Obviously the difficulty is that the grades required for medicine are so much higher than passes that the jump is a big one, and I can understand an argument for minimum predicted grades on that basis. I also understand that medical work experience is significantly over-subscribed and it would take resource to work out which students with lower grades had the academic potential required for the role despite poor grades and which perhaps didn’t. Nonetheless, in principle, I think that these opportunities should be open to students with lower predicted grades because they can be the push or lightbulb moment that they need; that means they play an important role in social mobility. (Oh, and it definitely shouldn’t only be open to students attending grammar schools - that’s blatantly discriminatory!)

marmaladeandpeanutbutter · 26/07/2025 15:29

There are heaps of ways to get relevant experience, not just in hospitals. My ds volunteered in a care home twice, and eventually once, a week for a year.

You may be surprised to many with an NHS medical or management background actually discourage their children from applying for medicine. It’s bloody hard work, antisocial for raising a family, endless expensive exams after qualifying, and yes, relatively badly paid.

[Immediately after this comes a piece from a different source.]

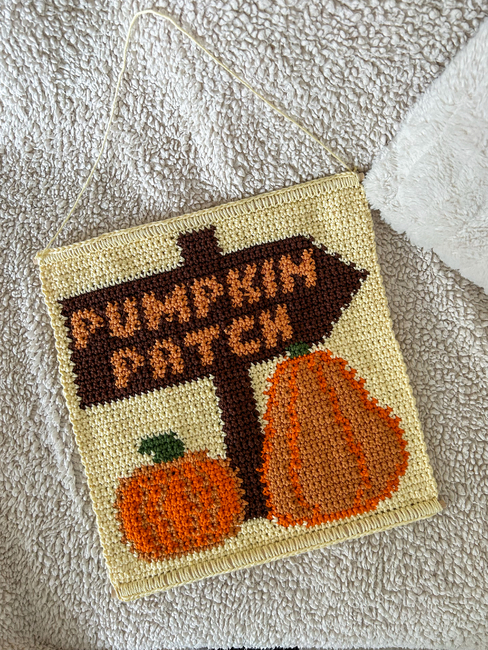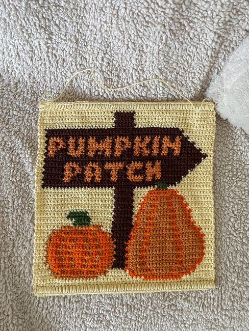 Bring autumn charm into your home with this delightful Pumpkin Patch crochet wall hanging! Featuring a rustic arrow sign, plump pumpkins, and warm fall colors, this tapestry is the perfect seasonal décor for Halloween, Thanksgiving, or anyone who just loves pumpkin spice everything.

Especially for plan 2.

rockstuckhardplace · 26/07/2025 15:50

PhilippaGeorgiou · 26/07/2025 07:51

My friends daughter was required to get a clinical work experience for her application to study medicine, but not a single place could offer her a placement because they had no capacity. Her father offered to drive her to any location within 100 miles to get the placement - still not a single place could offer. As a result a young woman who got all the grades to study medicine isn't studying medicine.

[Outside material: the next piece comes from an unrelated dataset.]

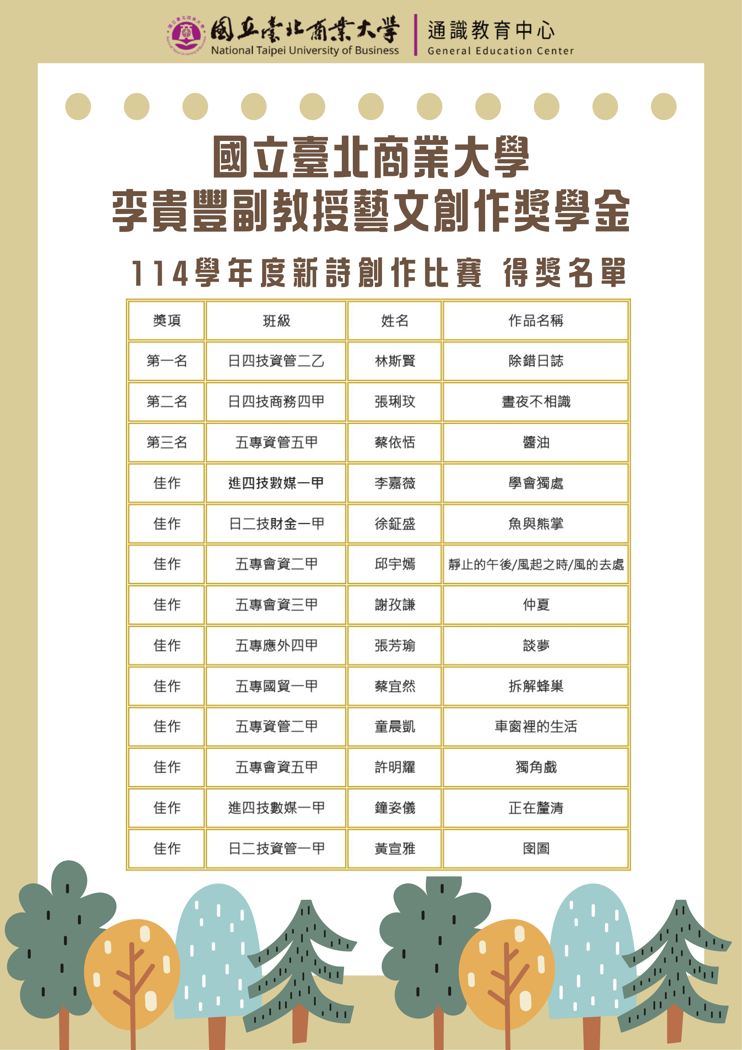賀!【114學年度】李貴豐副教授藝文創作獎學金新詩創作比賽得獎名單公告

I don't buy this. My DD is currently looking at med schools. I haven't seen one that has any requirement for clinical work experience as it's so hard to get, particularly for under 18s. I think that sounds like an excuse.

MumOf4totstoteens · 26/07/2025 16:06

Who are you to judge what that child may be capable of in the future? You are trying to gatekeep the medical profession/ high earning/ positions of power for private educated children of your other privileged friends and family. You should be ashamed of yourself! I left school with 2 GCSEs and have ended up with a BSc in a high paying healthcare job. If anything you should be taking the time to encourage these less privileged and less educated children. I’m so disgusted and angry and this honestly! Even if that child ended up being a cleaner at the hospital or a catering assistant, does that mean they don’t deserve work experience? I hope one of these kids ends up being your boss and sacks you!!

marmaladeandpeanutbutter · 26/07/2025 16:32

Lots of students take a gap year at 18 and work in the NHS or care, at least for part of the year.